A slow smile spread across his face, appreciation for the universe's perfect irony warming him like fine liquor. Carolyn Henderson, public champion of the abused, private perpetrator of the very violence she claimed to fight. The hypocrisy was exquisite, perfect—a performance of virtue concealing genuine vice. How many community members had been deceived by her carefully constructed persona? How many resources had been misdirected based on her apparently selfless advocacy?

He returned to the kitchen, retrieving his bourbon and carrying it to the living room, where he settled into his armchair. His mind raced with possibilities, with the perfect symmetry of this development. Henderson certainly qualified for judgment—her hypocrisy was not merely personal failing but public deception, her abuse not just private sin but a mockery of everything she claimed to stand for.

The Henderson apartment went quiet eventually, the argument apparently concluded or at least paused. He sat motionless, listening to the ambient sounds of Santiago Heights at night—distant sirens, occasional shouts, the persistent bass from someone's car stereo thumping blocks away. His thoughts organized themselves with familiar precision, considering angles, approaches, optimal timing.

He would need to wait, of course. Midnight, at minimum, when the neighborhood settled into its restless version of sleep. When Robert Henderson would likely be unconscious, unable to interfere with justice. When Carolyn might be vulnerable to the same surprise she had used against Marcus Rodriguez, Anthony Rivera, and James Murray.

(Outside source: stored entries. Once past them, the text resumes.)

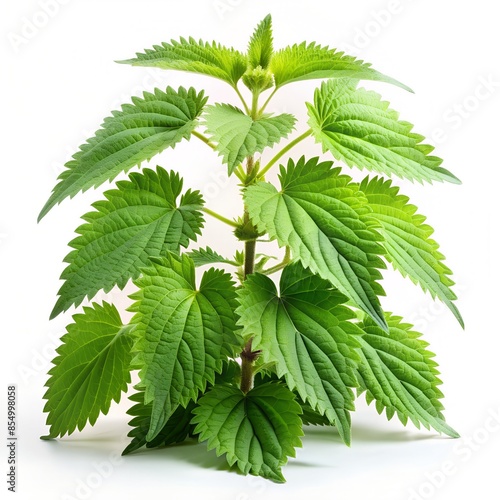 Detailed image of a vibrant green stinging nettle plant featuring toothed leaves. On a white background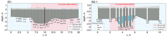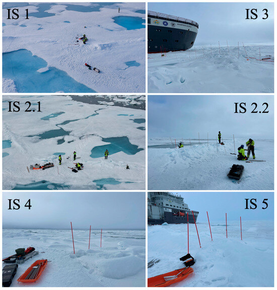 Figure 2 shows all five ice stations. On all the ice stations, the work was carried out across one ridge, but on the second ice station, two ice ridges were investigated. Moreover, on the last ice station (IS5), two cross sections were also sampled with a 4.5 m interval between them. The step length was determined by the ridge’s geometry and the melt pond’s location.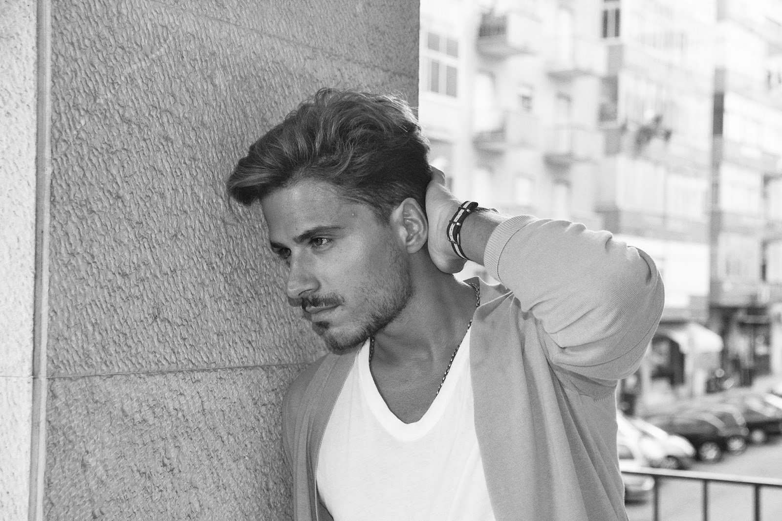 T-SHIRT: Dsquared | PANTS: Hugo Boss | CARDIGAN: Tom Ford | SHOES: Zara | WATCH: Uniform Wares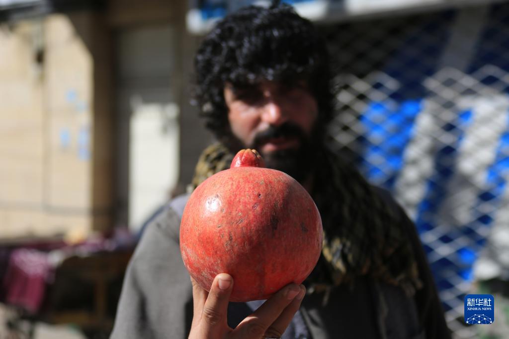 11月10日,在阿富汗首都喀布爾,商販展示產(chǎn)自阿富汗南部坎大哈省的石榴。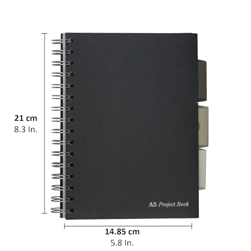 Pukka Pad - Quaderno a spirale con divisori, formato A5, colore: nero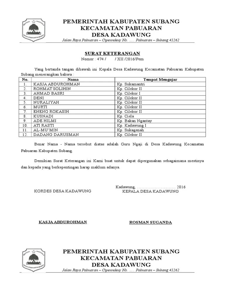 Contoh contoh surat keterangan sebagai khotib dan guru mengaji di masjid tutup . Pontren.com download contoh surat keterangan mengajar ustadz tpa taman pendidikan alquran dari kepala atau pimpinan lembaga dalam format doc . Kampung ciwalahir rt/rw 04/04 desa. Petunjuk teknis pemberian insentif guru ngaji. Guru tk dan guru ngaji sebaiknya prioritas selanjutnya, ujar laila dalam.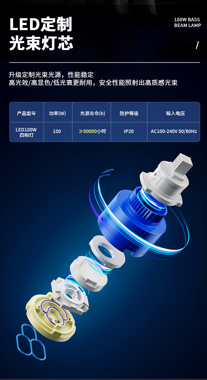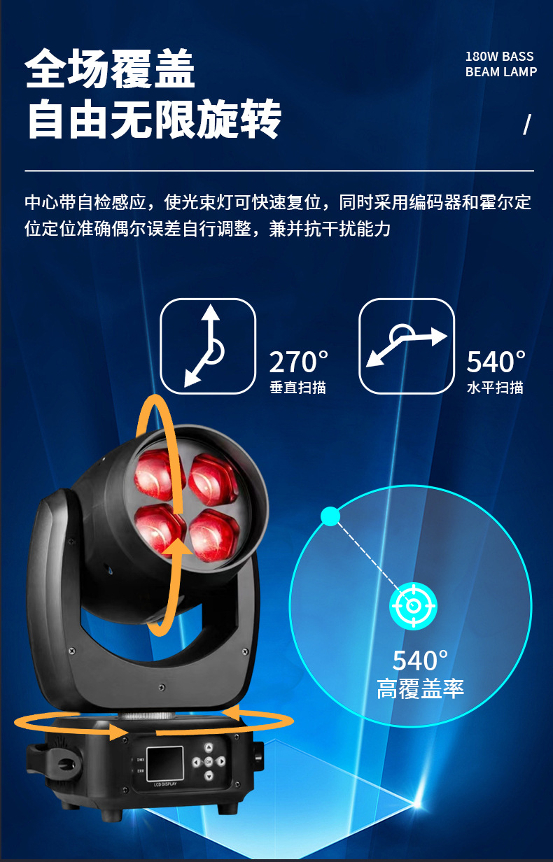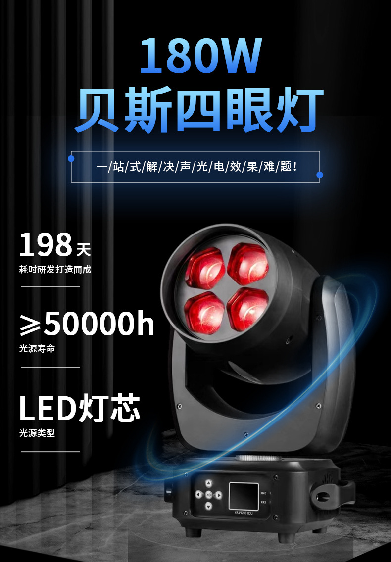 LED180W 빔 패턴 조명, 4구 무빙 헤드, 염색 조명, KTV, 하이룸, 대외 무역, 무대 전용, KTV룸 전용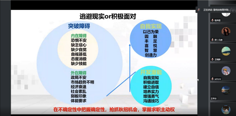 会议伊始,同学们一起学习了“认清就业形势 抢抓就业机会”专题报告,以多维度剖析引导员工从就业背景、行业需求、员工特征、校招情况等方面寻找关于自我、关于未来的答案。辅导员雷鸣灿老师讲道,研究生要具备不可替代的实力和将实力转化为成果的能力,沉潜蓄势钻研学科,才能厚积薄发螺旋上升。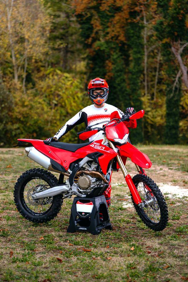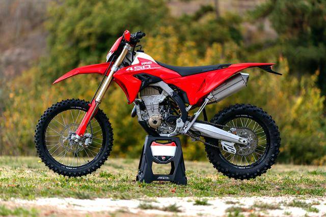 杜卡迪在今年四月正式發(fā)布了屬于 MX(Motocross,場(chǎng)地越野)規(guī)格的全新市售越野賽車 Desmo450 MX,這是杜卡迪歷史上的第一款市售越野賽車。市售規(guī)格的 Desmo450 MX 搭載一副水冷四沖程單氣缸、DOHC 四氣閥、Desmodromic 氣閥正時(shí)控制(軸控制氣閥,而常見的氣閥開合控制組件是彈簧)的發(fā)動(dòng)機(jī),缸徑、行程為 96 mm x 62.1 mm,排氣量 449.6 cc,峰值動(dòng)力輸出 46.7 kw(約 63.5 匹)/9400 rpm,最大扭矩輸出 53.5 N.m/7500 rpm。
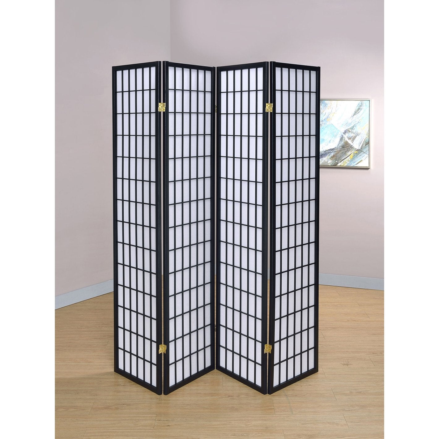 Add instant privacy and sophisticated style with this four-panel folding shoji screen. Its sleek black frame and translucent white panels create a modern, minimalist backdrop that gently diffuses light while dividing rooms, dressing areas, or creating cozy nooks. Built for easy use and lasting appeal, the Sartre screen blends traditional shoji aesthetics with contemporary materials to complement a wide range of interiors.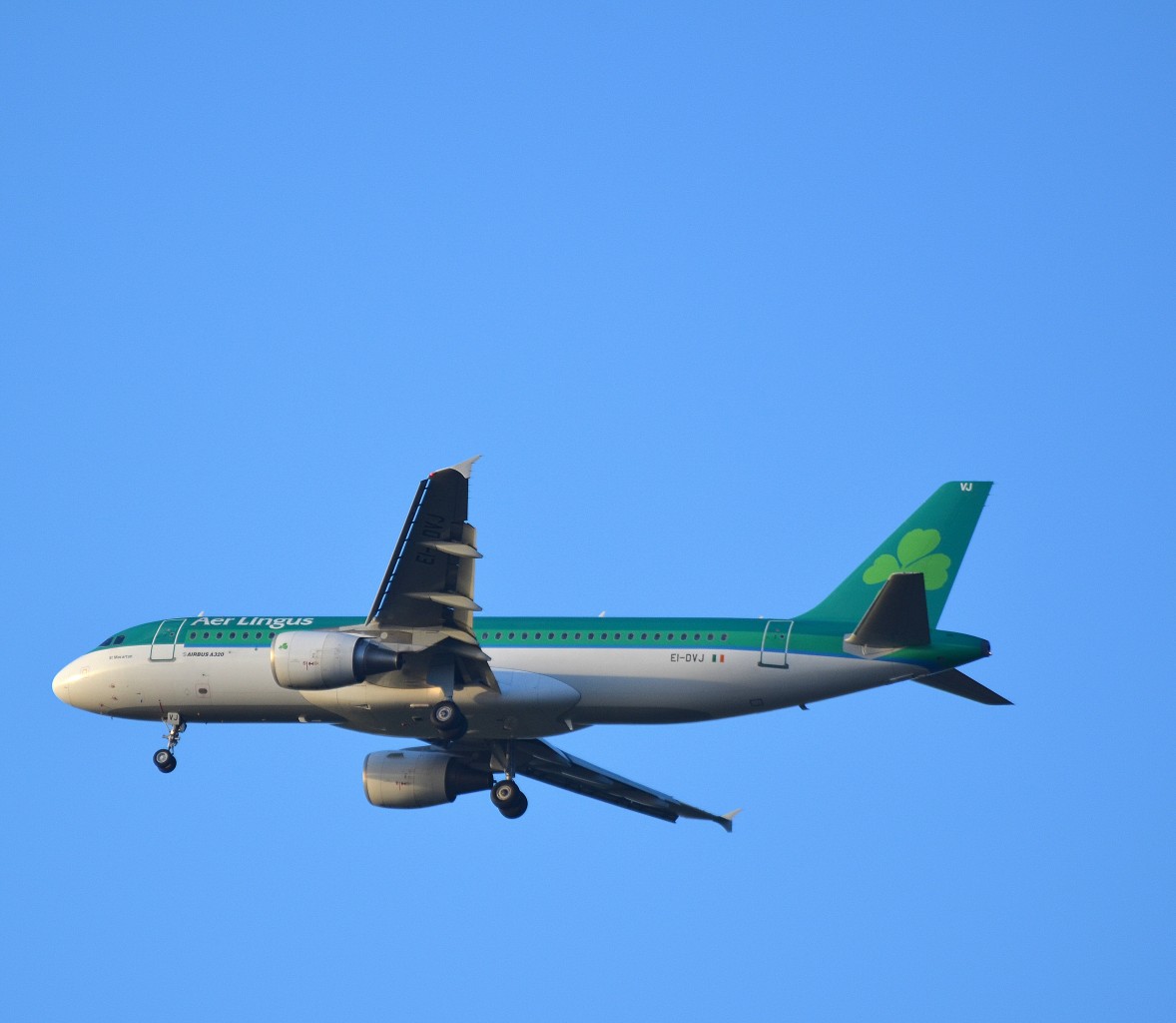Der Aer Lingus Airbus A320 EI-DVJ im Anflug auf Fuhlsbüttel über Hamburg Poppenbüttel am 04.01.15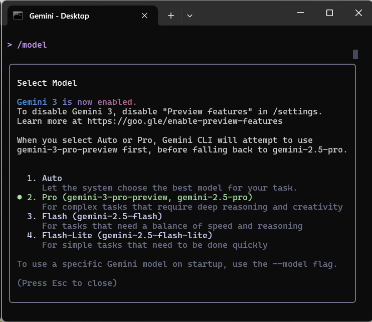 Gemini CLIでGemini3.0 (gemini-3-pro-preview)を使用するには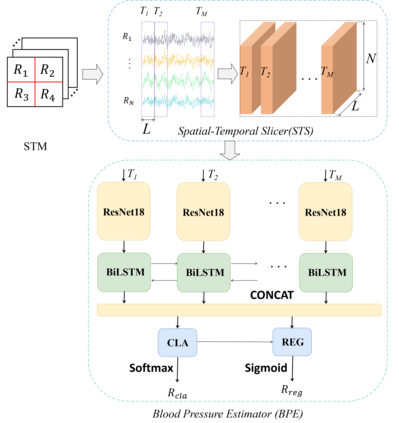 翻译:传统上,血压数据主要通过接触传感器获得,这些传感器需要高维护,对一些人(例如烧伤病人)可能不方便和不友好。在本文中,我们建议基于脸部视频建立一个高效的非接触血压测量网络。首先,提议了一个创新的过度抽样培训战略,以处理不平衡的数据分布。输入视频序列首先正常化,并转换为我们提议的YUVT色空间。然后,spatio-时空切片器将其编码为多多多面面体spatio-时空绘图。最后,由一系列骨干网络和LSTM组成的特征提取器符合高方位特征,用于血压分类,以定位血压间隔。血压计算器将地貌提取器和血压分类器的结果结合起来,以输出最后的血压值。我们在MSE-HR数据集中测试了BPM-Net,由一系列骨质血压和LSTMT构成的MAE提取到12.35毫米MHAL-MHAMA的当前血液压力测试结果。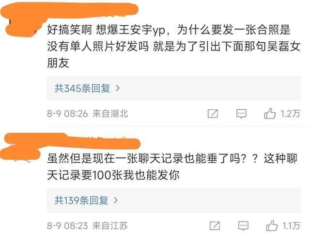 虽说两位当事人年龄相仿,谈恋爱也不足为奇,但网友们细细想来,也发现事情有点不对劲。这位网友想爆料王安宇的绯闻,为什么不发单人照片,反而曝光王安宇和向涵之的合照?难道就是为了引出后面那句“吴磊女朋友”吗?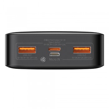 Powerbanka Baseus Bipow zaujme svým moderním a minimalistickým designem. Její kompaktní obdélníkový tvar a elegantní černé provedení s jemnou texturou na povrchu působí velmi sofistikovaně. Dominantním prvkem je integrovaný digitální displej, který přehledně zobrazuje aktuální stav nabití baterie v procentech, takže vždy víte, kolik energie vám zbývá. Na jedné straně powerbanky naleznete logo značky Baseus, které podtrhuje její prémiový původ. Pro maximální flexibilitu je vybavena dvěma výstupními porty USB-A, jedním vstupním/výstupním portem USB-C a jedním vstupním portem Micro-USB, což umožňuje nabíjet více zařízení současně a s různými typy kabelů.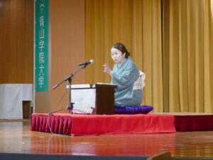 2部は30周年記念イベント講談師 田辺一邑氏による講談、浜松の偉人、世界最大の楽器メーカー「ヤマハ」創始者である「山葉寅楠オルガンを直す」が始まると、会場は田辺氏の声を聞き洩らさないように集中した雰囲気に。ヤマハのOB・OGも知らない話が聞けた。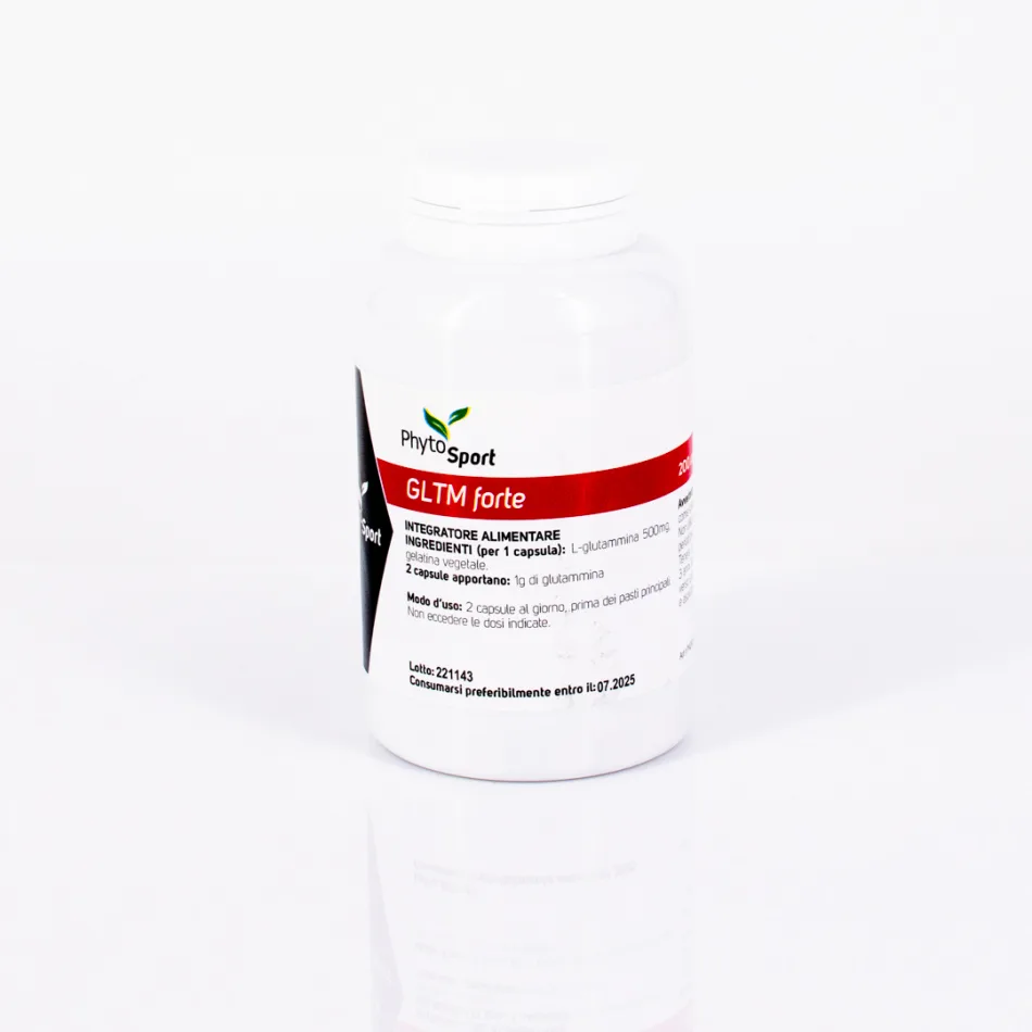GLTM Forte 200 caps (per 1 cps): L-glutammina 500mg, gelatina vegetale.GLTM
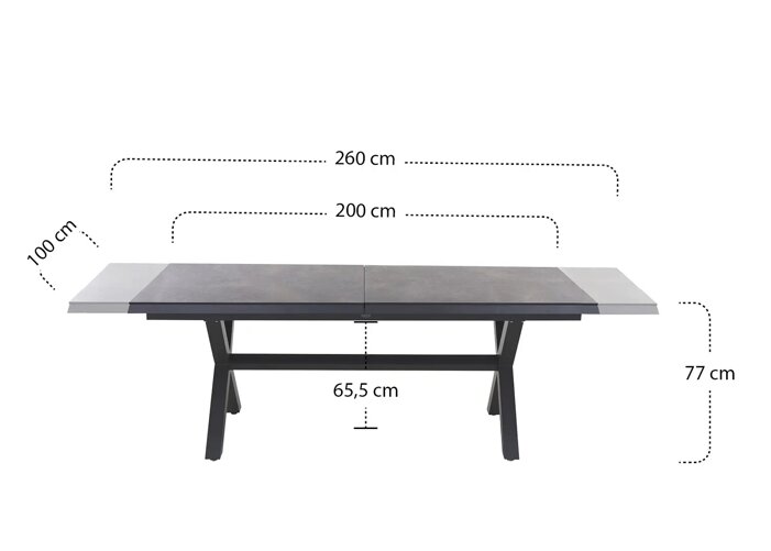 Eigenschaften "Siena Garden Sincro Dining Tisch, ausziehbar – 200/260 x 100 cm, Aluminium (matt anthrazit) & HPL Titan"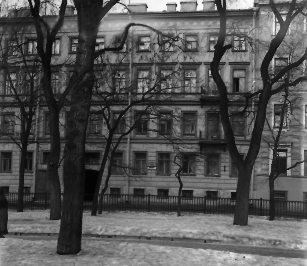 “Kommunalka” es como llamaban un piso comunitario los que vivían en él. “Kommunalka” significaba que un inquilino tenía que compartir con sus vecinos el mismo cuarto de baño, la misma cocina y el mismo pasillo. En los años 1970 la mayoría de los leningradenses vivían en los pisos comunitarios y durante aquella misma década empezó la constucción masiva de las viviendas en los barrios periféricos, los antiguos pueblos de las afueras. Entonces la gente con más dinero y más referencias pudo obtener pisos “propios”. Cuando se casaron mis padres, vivieron durante una temporada en un piso comunitario de un edificio de la plaza de Turguiénev, él de la foto.

His notebook appeared in his hands, retrieved from the drawer in the side table without conscious thought. The pen moved across the page with practiced efficiency, documenting this new development, building the case against Carolyn Henderson. The notes were meticulous—date, time, specific quotes, details of sounds heard. Evidence gathering, just as he'd been trained. The courthouse had taught him the importance of precision, of documentation, of building an irrefutable case. Those skills served a higher purpose now.